The Court also focused on the state of affairs during a number of cases wherein the Resolution Professional or Liquidator was appointed but did not take any steps to man, preserve and maintain the vessel during the insolvency resolution process or liquidation process (CIRP). The crew members were left abandoned on board the ship and for all practical purposes were abandoned by the Owners. The Court observed that regardless of the non-obstinate clause within the IBC, Admiralty Act being a special Legislation takes under consideration all such relevant factors and thus exercise of Admiralty jurisdiction would in such cases are going to be beneficial and assist, instead of hinder, insolvency proceedings/process. it might protect the ship and successively the safety of a mortgagee who may be a financial creditor as per the provisions of the IBC. Further, this is able to also inform the mortgagee that they need to take steps to guard and preserve their security and if they are doing not then the Admiralty Court will step in.
Section 446 of the businesses Act deals with the staying of the suits while the corporate is within the process of completing . The Court held that maritime law may be a special enactment while the businesses Act is quite a general enactment. maritime law deals with actions in rem and it had been enacted for a special purpose. Thereby it’ll override the overall law. The court further asserted that under the admiralty jurisdiction, the action is against the ship and not the corporate nor the owner of the corporate . Section 3 of the maritime law confers admiralty jurisdiction exclusively to the High Courts and no other court of jurisdiction. Thus, the Court concluded that section 446 of the businesses Act 1956 won’t apply to Admiralty suits.
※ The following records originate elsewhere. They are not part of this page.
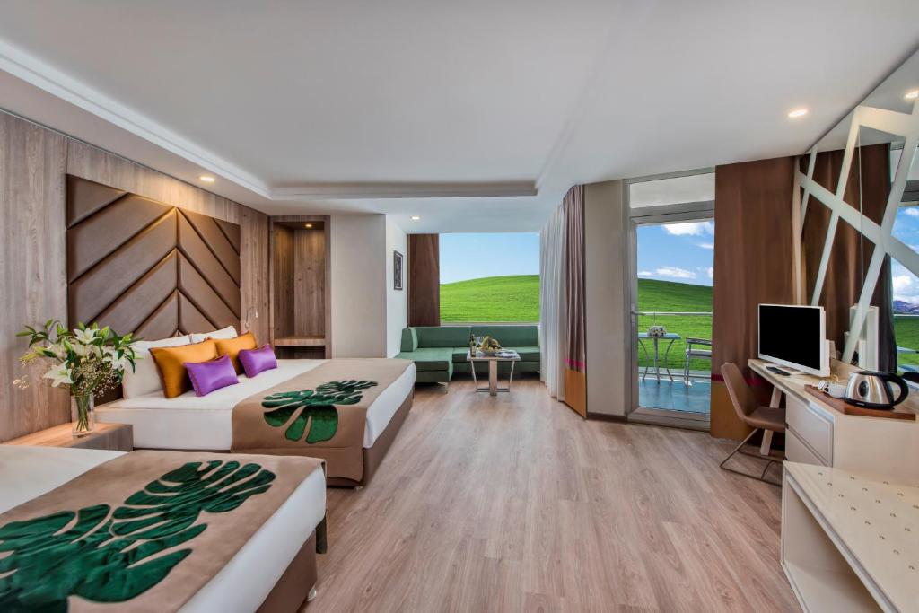 دلفین بی گراند ریزورت با توجه به درختان بزرگ اطراف باغهای وسیع با پرداخت هزینه، هتلی با 5 حمام با حمام خصوصی در پلاژ لارا است. این بارها و رستورانهای زیبا به شما اجازه میدهند صفحهنمایش رستوران جدید و حواسپرتی خود را تزئین کنید.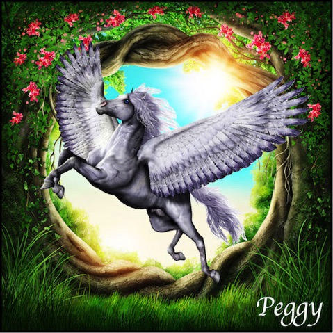 Peggy, a young Pegasus, is another Magical Being who lives in The Magic Forest. She finds Eben after his stubbornness has landed him in a precarious predicament where he is hanging off the edge of a cliff. Peggy saves Eben by using her wings for the first time, and then teaches him about the nature and importance of believing in Magic.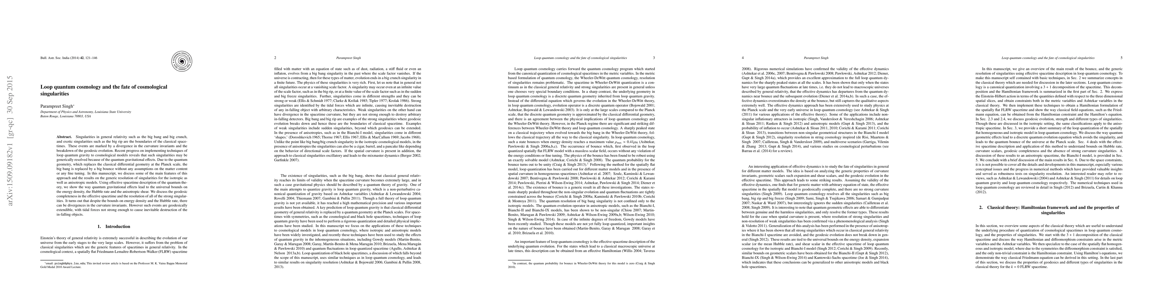 Loop quantum cosmology suggests that singularities in the universe, such as the Big Bang, may not exist due to quantum gravitational effects, instead leading to a 'big bounce' scenario.

The Court has thus extensively analysed and explained the scope of the Admiralty Act and therefore the IBC, after an in-depth assessment on the principles of harmonious construction and therefore the fundamentals of in rem proceedings. Given the incongruity having arisen, due to the overlap of the Admiralty Act with provisions of the IBC and/or the businesses Act, Hon’ble Court within the said judgment has taken note of the intention of the legislature behind the Admiralty Act and therefore the IBC and has sought to harmoniously interpret and construct their provisions. This successively will make sure that the sanctity of the provisions remains intact and therefore the rights of the person having a maritime claim also because the corporate debtor remain unaffected. While taking into consideration the special nature of Admiralty Jurisdiction, the court has distinguished a ship/vessel from the other asset and emphasized on the legal personality of the vessel as distinct from its owner. this is often move is very appreciated and may be a breakthrough in protecting the interest of the parties having a bonafide maritime claim to prosecute its claim through an action in rem.